Exemplarily, fig. 6 is an interface schematic diagram of a terminal device displaying a first interface according to an embodiment of the present application. As shown in fig. 6, in addition to the video to be processed, the interface may further include one or more controls for recommending a mirror movement track, such as: a mirror moving track A, a mirror moving track B, a mirror moving track C, a mirror moving track D, a mirror moving track E, a mirror moving track F and the like. A plurality of second recommended mirror-moving trajectories in the interface shown in fig. 6 all conform to the constraint of the pose information corresponding to the keyframe.

In a second possible implementation, according to the interface shown in b in fig. 5, when the terminal device receives an operation that the user clicks the mirror motion track control on the interface shown in b in fig. 5, the terminal device may display a second interface, where the second interface includes an original viewpoint track of the key frame, a recommended viewpoint track, and an editable self-selecting viewpoint track. And when the terminal equipment receives a fifth operation on the self-selection viewpoint track, responding to the fifth operation and generating a target mirror moving track.

Exemplarily, fig. 7 is an interface schematic diagram of a terminal device displaying a second interface according to an embodiment of the present application.

As shown in fig. 7, the second interface includes an original viewpoint track, a recommended viewpoint track, and an editable self-selecting viewpoint track. The original viewpoint track, the recommended viewpoint track and the editable self-selection viewpoint track are all represented by line segments with arrows, a plurality of editable camera poses are distributed on the editable self-selection viewpoint track, and the editable camera poses in the interface shown in fig. 6 are displayed by using camera-like identifiers. The interface can also comprise a custom mirror-moving track control.

For example, the self-selection viewpoint track in the second interface displayed by the terminal device may include a camera pose to be processed, and may also include a target mirror moving mode and/or a target time length. The terminal equipment responds to the fifth operation of the self-selection viewpoint track, and two possible implementations exist for generating the target mirror moving track. In a first possible implementation, the fifth operation may be an operation of processing a camera pose to be processed included in the self-selection viewpoint trajectory. In a second possible implementation, the fifth operation may be an operation on the target mirror moving mode and/or the target duration included in the self-selected viewpoint trajectory.

In a first possible implementation, the trajectory of the selected viewpoint in the second interface displayed by the terminal device may include a camera pose to be processed, and the terminal device may generate the target mirror movement trajectory according to the processed camera pose in response to a fifth operation of processing the camera pose to be processed.

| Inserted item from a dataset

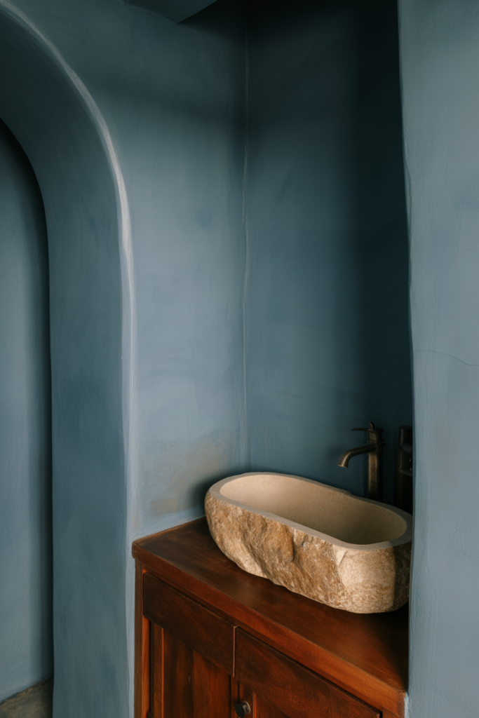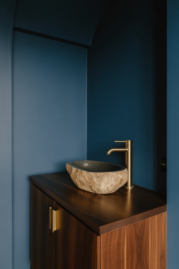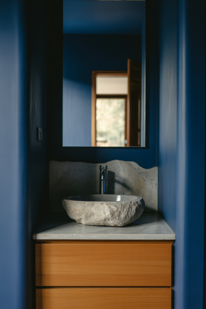 Using dark blue alongside natural stone creates a grounded, architectural feel. The richness of the color contrasts beautifully with organic textures, giving the bathroom depth without visual heaviness. This approach feels refined and confident rather than dramatic for its own sake.

Fig. 8 is a schematic interface diagram i of a customized target mirror movement track provided in the embodiment of the present application. In the interface state shown in a in fig. 8, when the mobile phone receives an operation, such as a drag operation or a click operation, of the user on the multiple to-be-processed camera poses on the selected viewpoint trajectory in the interface, the interface shown in b in fig. 8 is obtained, and the selected viewpoint trajectory formed by the multiple camera poses in the interface is the target mirror-moving trajectory. The content shown in a in fig. 8 is similar to that shown in fig. 7, and is not described again here.

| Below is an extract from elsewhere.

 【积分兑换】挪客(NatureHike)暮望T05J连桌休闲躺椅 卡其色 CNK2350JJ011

Fig. 9 is a schematic interface diagram of a customized target mirror-moving track provided in the embodiment of the present application. In the interface state shown as a in fig. 9, when the mobile phone receives a user click operation on the custom mirror-moving track in the interface, the mobile phone may display the interface shown as b in fig. 9. When the mobile phone receives an operation of the user in the interface shown as b in fig. 9, a plurality of camera poses are distributed on the moving mirror trajectory in the interface shown as b in fig. 9. The user performs an operation in the interface shown as b in fig. 9, for example, the user performs a click operation in different positions of the interface shown as b in fig. 9, a target moving mirror trajectory is generated according to the clicked position and the sequence of the motors, or the user performs a gesture operation in the interface shown as b in fig. 9, and the trajectory of the gesture operation is the target moving mirror trajectory. The content shown in a in fig. 9 is similar to that shown in fig. 7, and is not described again here.

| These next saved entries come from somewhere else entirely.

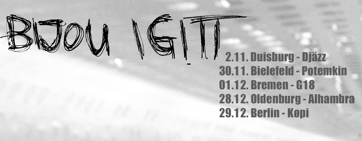 Unsere Labelband Bijou Igitt ist für euch „on the road“! Die Band ist großartig, schaut euch die Show an, wenn ihr die Gelegenheit habt!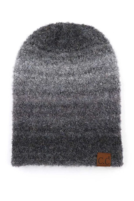 A unique accessory to add to any outfit this winter! This C.C multi color ombre knitted beanie features a shearling mohair & cuff style.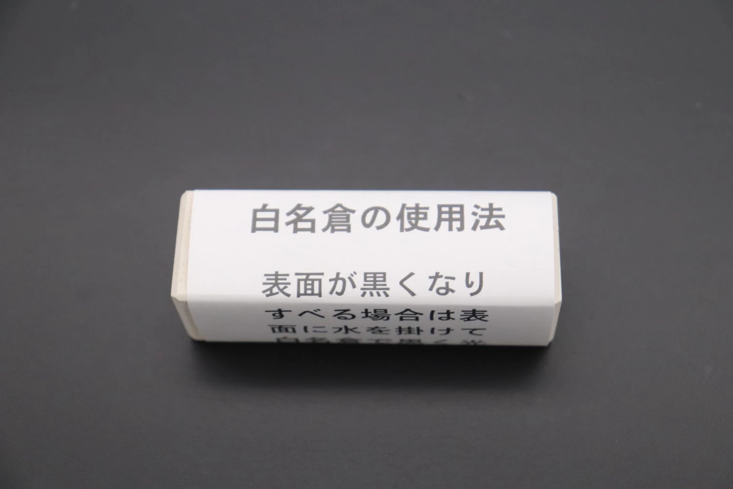 During the sharpening process, particularly when using super-fine grit finishing stones, the stone surface can sometimes develop slippery black areas that no longer cut well. With a little water, you can use the supplied Nagura dressing stone to remove these slippery black areas. Similarly, after flattening your whetstone with a coarse abrasive (Such as a diamond flattening plate, a ceramic flattening stone, or ‘wet&dry’ silicon carbide paper), the Nagura dressing stone can be used to smooth and refine the surface of your finishing stone.

In a second possible implementation, the self-selection viewpoint track in the second interface displayed by the terminal device may include the mirror moving mode to be determined and the corresponding duration to be determined. And the terminal equipment responds to the fifth operation on the target mirror moving mode and/or the target time length and generates a target mirror moving track according to the target mirror moving mode and/or the target time length.

Illustratively, the terminal device may generate the target mirror moving track according to the target mirror moving mode and the target duration in response to a fifth operation on the target mirror moving mode and the target duration. Fig. 10 is a first interface schematic diagram for displaying a target mirror moving mode according to an embodiment of the present application. As shown in the interface shown in fig. 10, when receiving operations of a user clicking a roll control and a push control in the interface shown in fig. 10 and operations of filling in a time length, the mobile phone generates a target mirror-moving track according to a time length corresponding to the roll of 15 seconds and a time length corresponding to the recommendation of 5 seconds. As shown in the interface shown in fig. 10, when the mobile phone receives a click operation of the mirror-moving manner by the user, according to the sequence of the click operation, the serial number of the sequence of the mirror-moving manner in the mirror-moving track may be displayed on the control of the mirror-moving manner. As with the interface shown in fig. 10, the mobile phone generates a mirror trajectory that rolls for 15 seconds and then advances for 5 seconds.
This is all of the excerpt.